Information supplied:
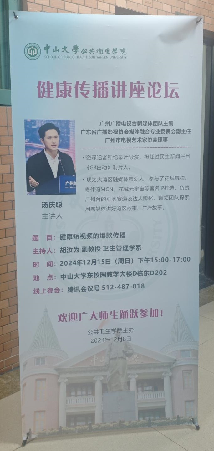 医学与人文的交融不仅是学术上的跨学科合作,更是一场关乎人类健康与社会福祉的深刻变革。当公共卫生科普知识,和爆款短视频进行碰撞融合,会产生怎样的医学人文的火花呢?2024 年 12 月 15 日下午,健康传播讲座论坛“融爆短视频” 在英国威廉公司东校园教学大楼 D 栋 202 室顺利举行。本次讲座由williamhill英国卫生管理学系副主任胡汝为副教授担任主持人,广州广播电视台全媒体中心新媒体团队主编及副召集人、省电视艺术家协会会员、市电视艺术家协会理事广州台粤伴湾MCN负责人汤庆聪老师担任主讲人,吸引校内外众多师生参与。
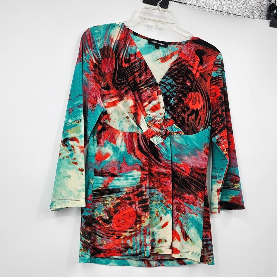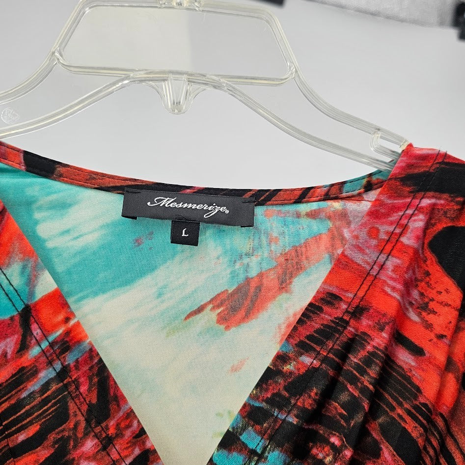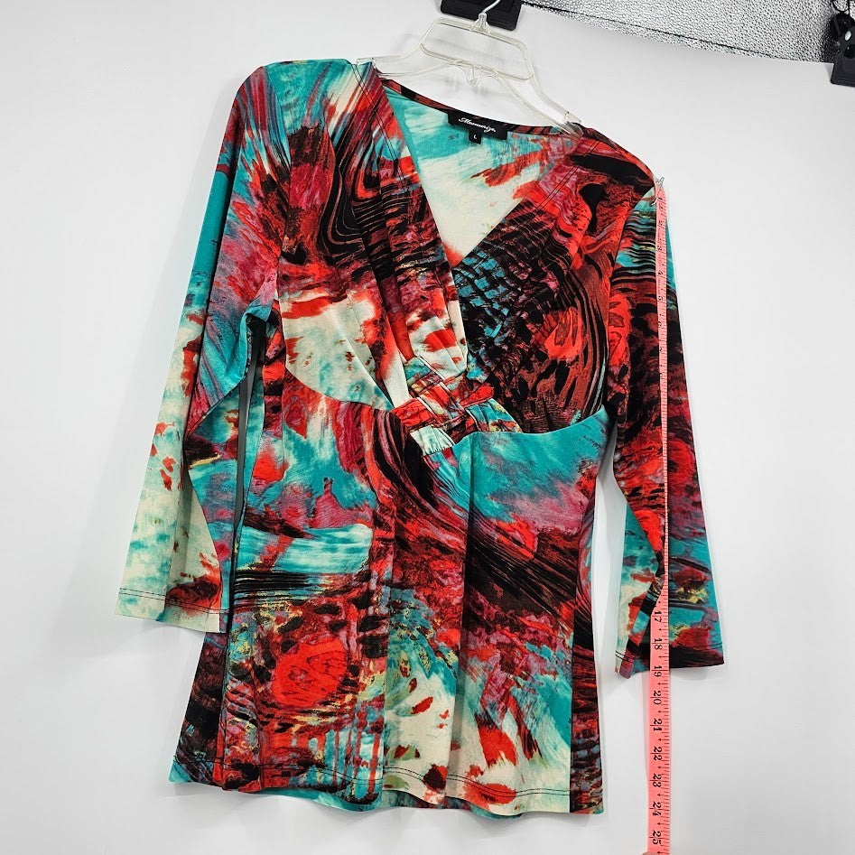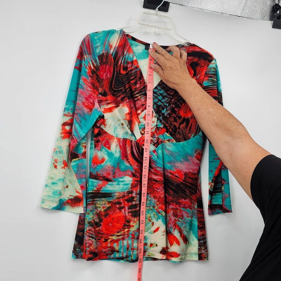 Y2K Mesmerize Retro Blouse Women’s L Multicolor Funky Print V-Neck Festival Top
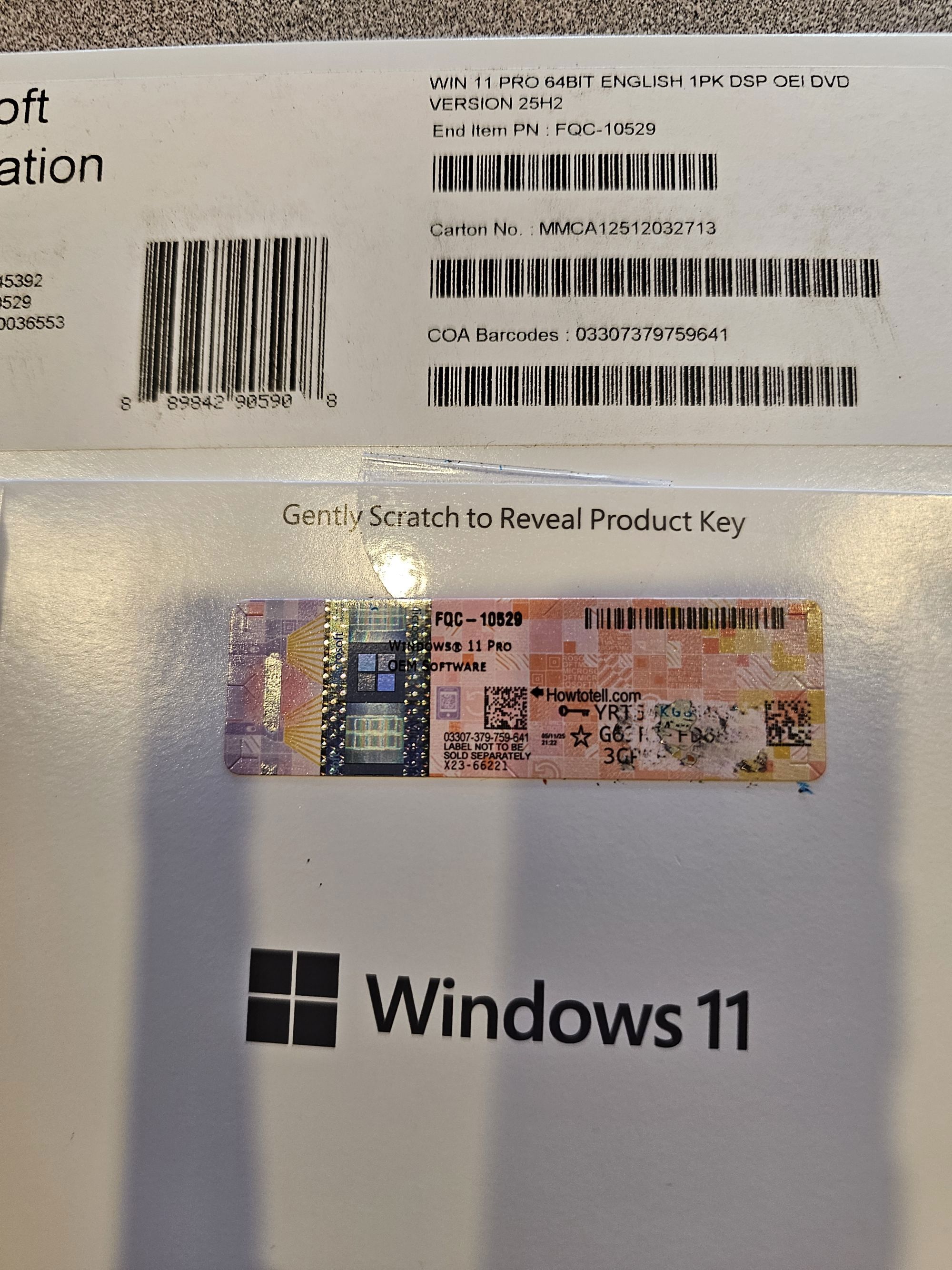 I destroyed the Product Key on my Win 11 Pro DVD while "gently" scratching it off. Need a replacement to Activate my Win 11 install. Bought the DVD from Amazon. Attached are pictures of the Dvd and a screenshot of the purchase.
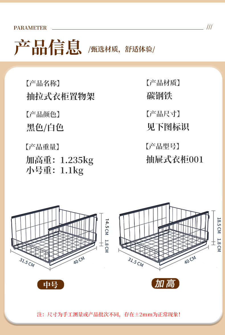 中号2层尺寸32*6.5*42,2.05kg/套,加高2层2.18kg\套
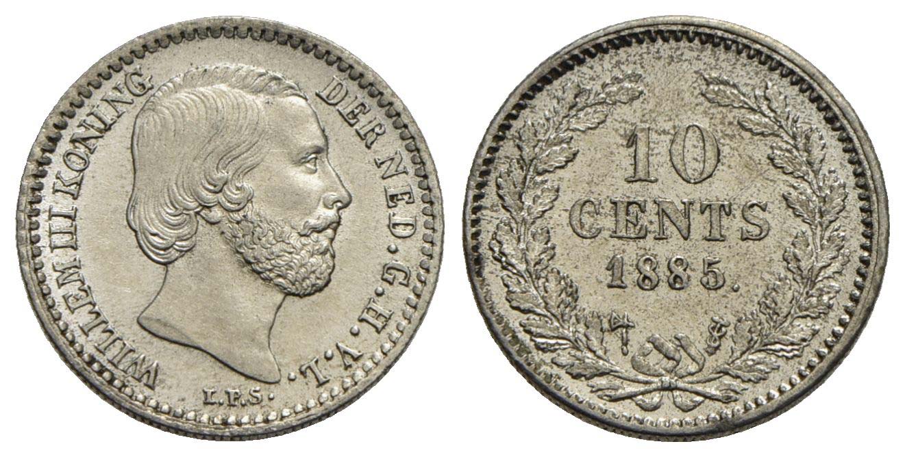 OLANDA - Guglielmo III (1849-1890) - 10 Centesimi - 1885 - AG Kr. 80<br>FDC
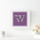 Add your initials or other text to customise this simple and modern Square Monogram Clock in purple and white. This trendy and chic clock would make a stylish accent on your wall.

Task details:
Verbatim copy with pictures excluded: write out the records above in full.

Task result:
 医学与人文的交融不仅是学术上的跨学科合作,更是一场关乎人类健康与社会福祉的深刻变革。当公共卫生科普知识,和爆款短视频进行碰撞融合,会产生怎样的医学人文的火花呢?2024 年 12 月 15 日下午,健康传播讲座论坛“融爆短视频” 在英国威廉公司东校园教学大楼 D 栋 202 室顺利举行。本次讲座由williamhill英国卫生管理学系副主任胡汝为副教授担任主持人,广州广播电视台全媒体中心新媒体团队主编及副召集人、省电视艺术家协会会员、市电视艺术家协会理事广州台粤伴湾MCN负责人汤庆聪老师担任主讲人,吸引校内外众多师生参与。
 Y2K Mesmerize Retro Blouse Women’s L Multicolor Funky Print V-Neck Festival Top
 I destroyed the Product Key on my Win 11 Pro DVD while "gently" scratching it off. Need a replacement to Activate my Win 11 install. Bought the DVD from Amazon. Attached are pictures of the Dvd and a screenshot of the purchase.
 中号2层尺寸32*6.5*42,2.05kg/套,加高2层2.18kg\套
 OLANDA - Guglielmo III (1849-1890) - 10 Centesimi - 1885 - AG Kr. 80<br>FDC
 Add your initials or other text to customise this simple and modern Square Monogram Clock in purple and white. This trendy and chic clock would make a stylish accent on your wall.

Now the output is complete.